Pourquoi le Belem est devenu une icône

Plusieurs éléments expliquent l’aura du navire. Son ancienneté et son état de conservation en font un témoin rare de la marine à voile, ce qui lui a valu d’être classé monument historique. Naviguer encore, plus d’un siècle après son lancement, n’a rien d’évident pour un bateau de cette taille.

Sa vocation actuelle compte tout autant. Devenu navire-école, il accueille des passagers qui apprennent la manœuvre, la vie à bord et le travail collectif, sous la conduite d’un équipage professionnel.

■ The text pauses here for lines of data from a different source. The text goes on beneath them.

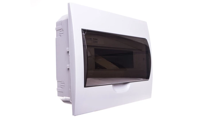 Rozdzielnica modułowa 1x12 podtynkowa IP40 IK06 N+PE II klasa drzwi transparentne szare DB112F 1X12P/FMD biała 3843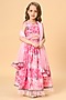 Pink Cotton Slub Printed & Lace Embellished Lehenga Set For Girls
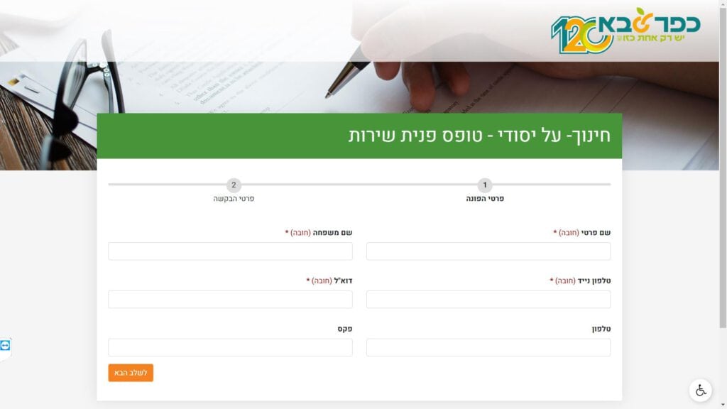 טופס פניית שירות - על יסודי חלופה נגישה - כרגע לא קיימת.
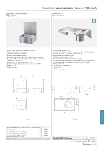 • Wall-mounted washbasin with 450mm upstand. • Wall-mounted plaster sink.
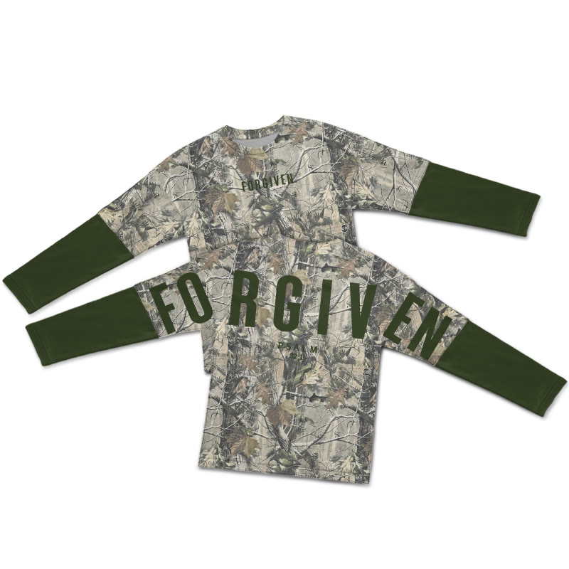 Dead Leaves Camouflage Forgiven Psalm 32:1 Print Layered-style T-shirt

Cette mission de transmission, ouverte au public, l’a sorti du statut de simple relique pour en faire un bateau bien vivant.

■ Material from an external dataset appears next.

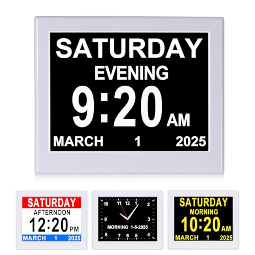 KASTISS 8インチデジタルカレンダーデイクロックは、認知症対応で大きなフォントに日付・時刻・曜日を表示。プログラム可能な薬リマインダー付き。壁掛け可能。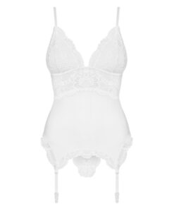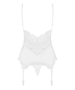 Strumpfband mit Spitze und tiefem Rücken. Die Schulter- und Strumpfgurte sind verstellbar. Inklusive passendem Stringtanga.

Sa notoriété a encore grandi avec son rôle d’escorte de la flamme olympique jusqu’à Marseille, en 2024. L’image du vieux gréement remontant vers les côtes françaises avec la flamme à son bord a marqué les esprits et rappelé que ce navire n’appartient pas seulement au passé.

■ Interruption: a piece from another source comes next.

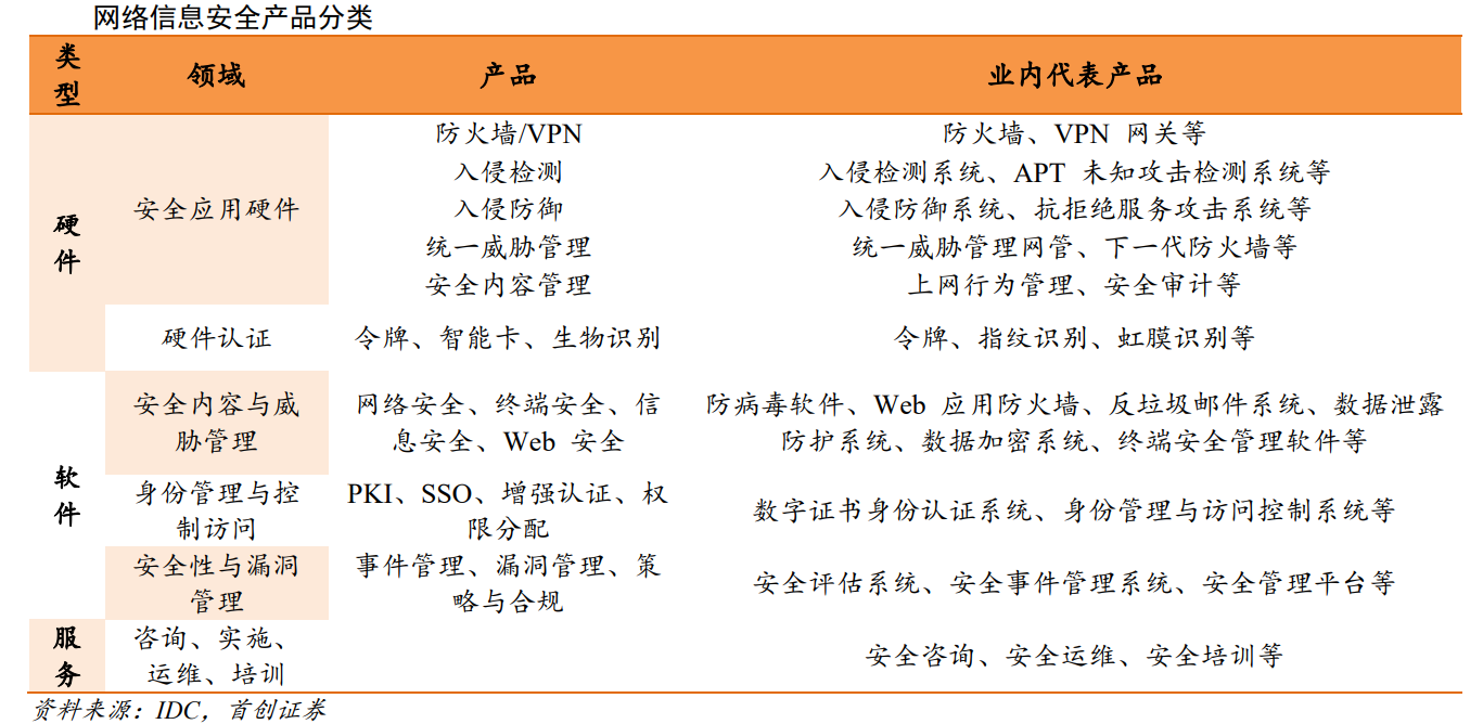 信息安全产品可分为硬件、软件和服务三大类,目前仍以硬件、软件类产品为主导。

Voir le Belem ou embarquer à son bord

Bonne nouvelle pour les curieux : le Belem n’est pas un bateau de musée figé à quai. Il navigue et fait escale dans différents ports français au fil de la saison. Trois manières de le rencontrer se présentent selon l’envie et le temps qu’on y consacre.

Lors des escales

Le navire s’arrête dans plusieurs ports au cours de l’année et se laisse admirer depuis les quais. Repérer ses escales à l’avance reste la façon la plus simple de l’apercevoir.

En visite à bord

Lors de certaines escales, des visites permettent de découvrir le pont, le gréement et les aménagements. Les dates et conditions varient d’un port à l’autre.

En embarquant

Il est possible d’embarquer comme passager pour une étape entre deux ports, en participant à la vie du bord. Aucune expérience n’est exigée, seulement l’envie de mettre la main à la pâte.

Qu’est-ce que le Belem ?

Le Belem est un trois-mâts barque, un grand voilier à coque longue gréé de trois mâts, lancé en 1896 à Nantes. Il est souvent décrit comme le dernier grand trois-mâts barque français de sa génération encore en navigation.

Quel âge a le Belem ?

Il a été lancé en 1896, ce qui en fait un navire plus que centenaire. Sa longévité, rare pour un voilier de cette taille, explique en grande partie son statut de témoin de la marine à voile et son classement comme monument historique.

Pourquoi le Belem est-il célèbre ?

Pour son ancienneté et son état de conservation, qui en font un monument historique navigant, et pour sa vocation de navire-école ouverte au public. Sa notoriété a encore grandi en 2024, lorsqu’il a escorté la flamme olympique jusqu’à Marseille.

Peut-on naviguer ou monter à bord du Belem ?

Oui. Le navire fait escale dans des ports français et propose, selon les lieux, des visites à bord. Il est aussi possible d’embarquer comme passager pour une navigation entre deux ports, en participant à la vie du bord, sans expérience préalable exigée.

Le Belem est-il classé monument historique ?

Oui. Son ancienneté et son état de conservation en font un témoin rare de la marine à voile, ce qui lui a valu ce classement. Fait rare, il continue de naviguer : c’est un monument historique qui prend la mer, et non une pièce de musée immobile.

Le Belem a ce don rare de relier les époques : un siècle de mers traversées, de propriétaires et de missions, sans jamais quitter l’eau pour de bon. Le voir passer dans un port, ou mieux, hisser une voile à son bord, c’est toucher du doigt une histoire qui continue de s’écrire au vent.